## EXERCISE
Reproduce the listing exactly and skip over any pictures.

*-*-*

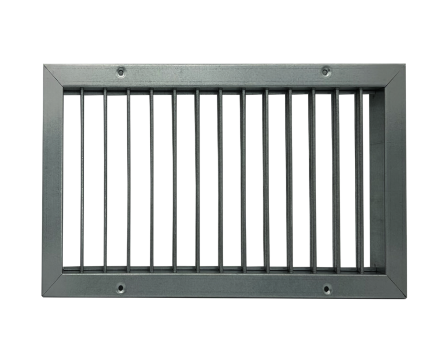 Gitter mit vertikalen Lamellen für Montage direkt in den Lindab FireProtect Entrauchungskanal. Das Gitter wird aus verzinktem Stahlblech ohne Schweißvorgänge gefertigt und bietet daher keinen Ansatz für Korrosion.
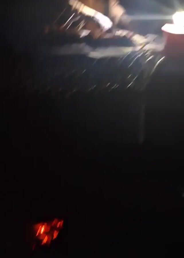 person working at night by the light of a lantern. The person is standing behind a table and appears to be skewering meat on sticks. The table is covered with a metal grate. There is a red container on the table, and some foil to the left. The background is dark. There is audio of an announcer speaking.
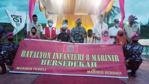 Dalam sambutanya Danyon 8 Marinir Letkol Mar Farick merasa bahagia bisa dikunjungi Pendiri dan Ketua Dewan Pembina KSJ AKBP Ikhwan Lubis SH, MH yang diwakili Drs Syaiful Syafri MM, Keyua Umum Saharuddin dan Ketua PMI Sumut DR Rahmadsyah dalam acara bakti sosial.
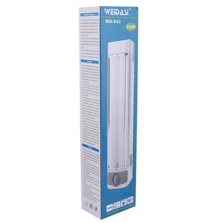 چراغ اضطراری Weidasi مدل WD-843 یک وسیله کاربردی مناسب در طول سفر، کوهنوردی، قطعی برق و... وسیلهای کاربردی است. این چراغ اضطراری دارای SMD است که باعث عمر طولانی و صرفه جویی انرژی میشود. 56 تا SMD این چراغ اضطراری باعث روشنایی بسیار خوبی میشود و میتوان به راحتی از آن به عنوان یک چراغ مهتابی استفاده کرد و همچنین میشود نور آن را تنظیم کرد. از آن دسته ابزاری است که حتی در خانه هنگام خاموشی برق بسیار کار آمد خواهد بود و نور مناسبی تا روشن شدن دوباره لامپ ها فراهم می نماید این چراغ اضطراری سبک ، بلند و قابل نصب بوده است و حتی میشود به راحتی آویزان کرد. این چراغ دارای باتری 3000mA است و قابلیت بیش از 500 بار شارژ و بازیافت را دارد و به راحتی و سریع شارژ میشود و حداکثر شارژی که میشود نگه داشت تا 8 ساعت است.
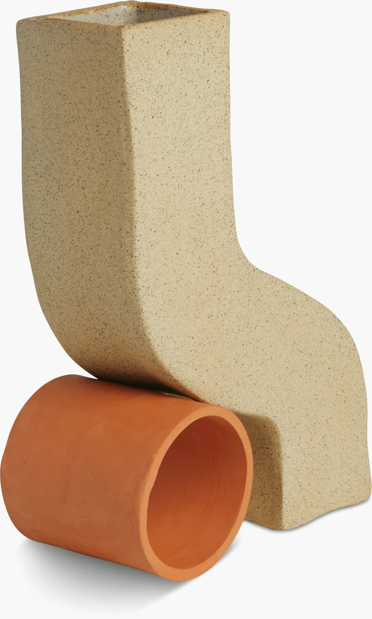 - Two-piece set, consisting of stoneware vase and terracotta base.
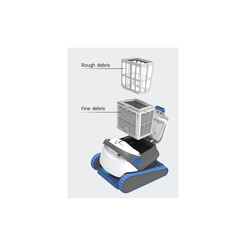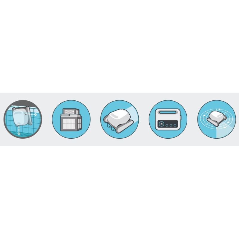 Der zum Patent angemeldete Mehrwege-Wasserdurchfluss gewährt eine sichere Haftung auf allen Arten von vertikalen Oberflächen und garantiert eine effiziente Reinigung der Wände und Wasserlinie sowie verbesserte Navigation. Ein Top Gerät für Ihr Schwimmbad!
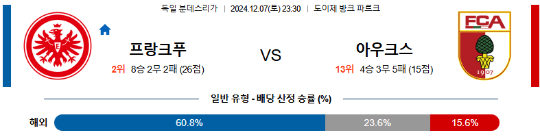 [킹콩티비]12월 07일 프랑크푸르트 vs 아우크스부르크 분데스리가 해외축구분석 생중계 무료중계 스포츠분석
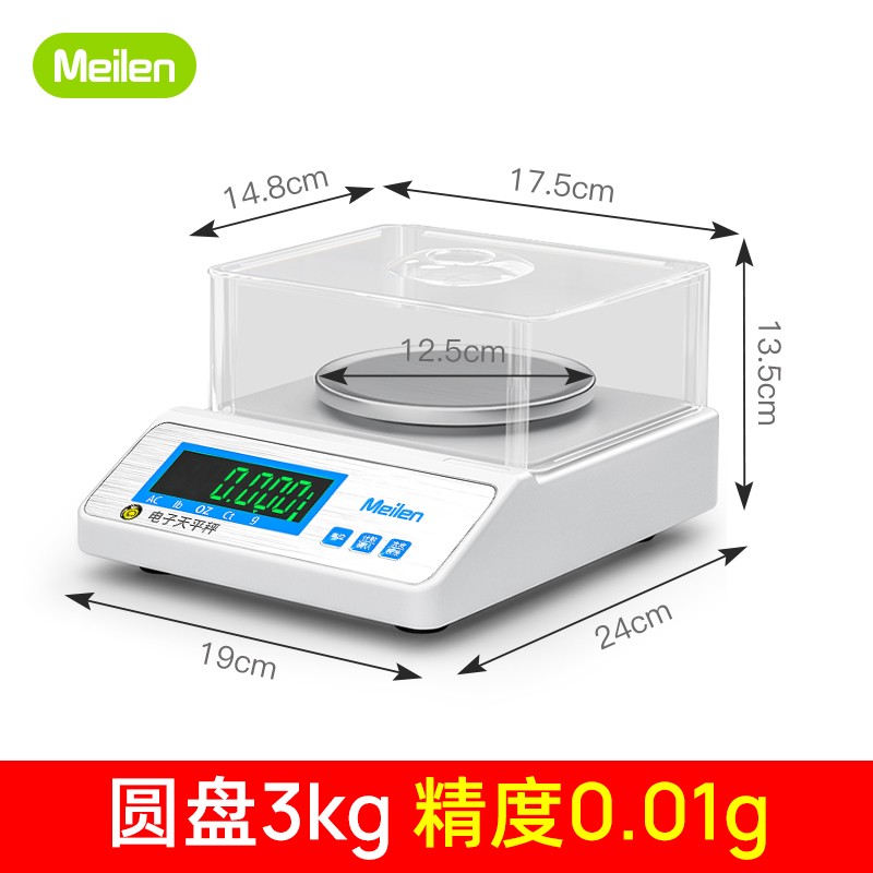 Meilen 电子天平0.01g0.001g高精度电子秤克称天平秤中药黄金珠宝秤实验室分析 圆盘-量程3000g-精度0.01g-配防风罩砝码价格:429.00元!
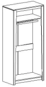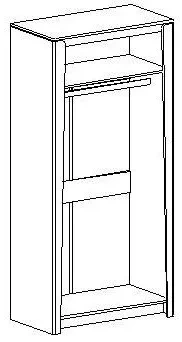 Внутреннее пространство шкафа разделено полкой на платяное с продольной стальной штангой и верхнее отделение для хранения белья. Фасады выполнены из МДФ, преимуществами данного материала являются влагостойкость, экологичность, гипоаллергенность, надёжность и долгий срок эксплуатации.
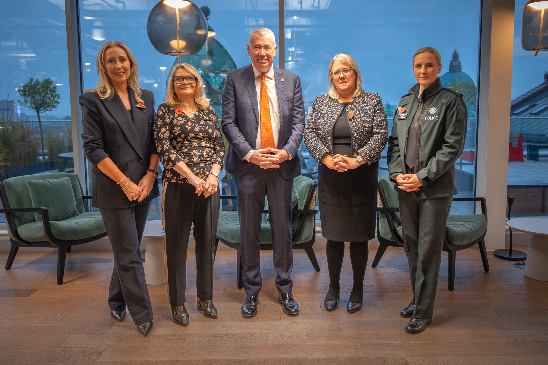 Left to right, Caitroina McCusker, PwC UK NI Market Senior Partner; Sarah Mason, Chief Exec Women’s Aid Federation; Chief Constable Jon Boutcher; Lady Chief Justice The Right Honourable Dame Siobhan Keegan and Chief Superintendent Gillian Kearney.

*-*-*

## ANSWER
 Gitter mit vertikalen Lamellen für Montage direkt in den Lindab FireProtect Entrauchungskanal. Das Gitter wird aus verzinktem Stahlblech ohne Schweißvorgänge gefertigt und bietet daher keinen Ansatz für Korrosion.
 person working at night by the light of a lantern. The person is standing behind a table and appears to be skewering meat on sticks. The table is covered with a metal grate. There is a red container on the table, and some foil to the left. The background is dark. There is audio of an announcer speaking.
 Dalam sambutanya Danyon 8 Marinir Letkol Mar Farick merasa bahagia bisa dikunjungi Pendiri dan Ketua Dewan Pembina KSJ AKBP Ikhwan Lubis SH, MH yang diwakili Drs Syaiful Syafri MM, Keyua Umum Saharuddin dan Ketua PMI Sumut DR Rahmadsyah dalam acara bakti sosial.
 چراغ اضطراری Weidasi مدل WD-843 یک وسیله کاربردی مناسب در طول سفر، کوهنوردی، قطعی برق و... وسیلهای کاربردی است. این چراغ اضطراری دارای SMD است که باعث عمر طولانی و صرفه جویی انرژی میشود. 56 تا SMD این چراغ اضطراری باعث روشنایی بسیار خوبی میشود و میتوان به راحتی از آن به عنوان یک چراغ مهتابی استفاده کرد و همچنین میشود نور آن را تنظیم کرد. از آن دسته ابزاری است که حتی در خانه هنگام خاموشی برق بسیار کار آمد خواهد بود و نور مناسبی تا روشن شدن دوباره لامپ ها فراهم می نماید این چراغ اضطراری سبک ، بلند و قابل نصب بوده است و حتی میشود به راحتی آویزان کرد. این چراغ دارای باتری 3000mA است و قابلیت بیش از 500 بار شارژ و بازیافت را دارد و به راحتی و سریع شارژ میشود و حداکثر شارژی که میشود نگه داشت تا 8 ساعت است.
 - Two-piece set, consisting of stoneware vase and terracotta base.
 Der zum Patent angemeldete Mehrwege-Wasserdurchfluss gewährt eine sichere Haftung auf allen Arten von vertikalen Oberflächen und garantiert eine effiziente Reinigung der Wände und Wasserlinie sowie verbesserte Navigation. Ein Top Gerät für Ihr Schwimmbad!
 [킹콩티비]12월 07일 프랑크푸르트 vs 아우크스부르크 분데스리가 해외축구분석 생중계 무료중계 스포츠분석
 Meilen 电子天平0.01g0.001g高精度电子秤克称天平秤中药黄金珠宝秤实验室分析 圆盘-量程3000g-精度0.01g-配防风罩砝码价格:429.00元!
 Внутреннее пространство шкафа разделено полкой на платяное с продольной стальной штангой и верхнее отделение для хранения белья. Фасады выполнены из МДФ, преимуществами данного материала являются влагостойкость, экологичность, гипоаллергенность, надёжность и долгий срок эксплуатации.
 Left to right, Caitroina McCusker, PwC UK NI Market Senior Partner; Sarah Mason, Chief Exec Women’s Aid Federation; Chief Constable Jon Boutcher; Lady Chief Justice The Right Honourable Dame Siobhan Keegan and Chief Superintendent Gillian Kearney.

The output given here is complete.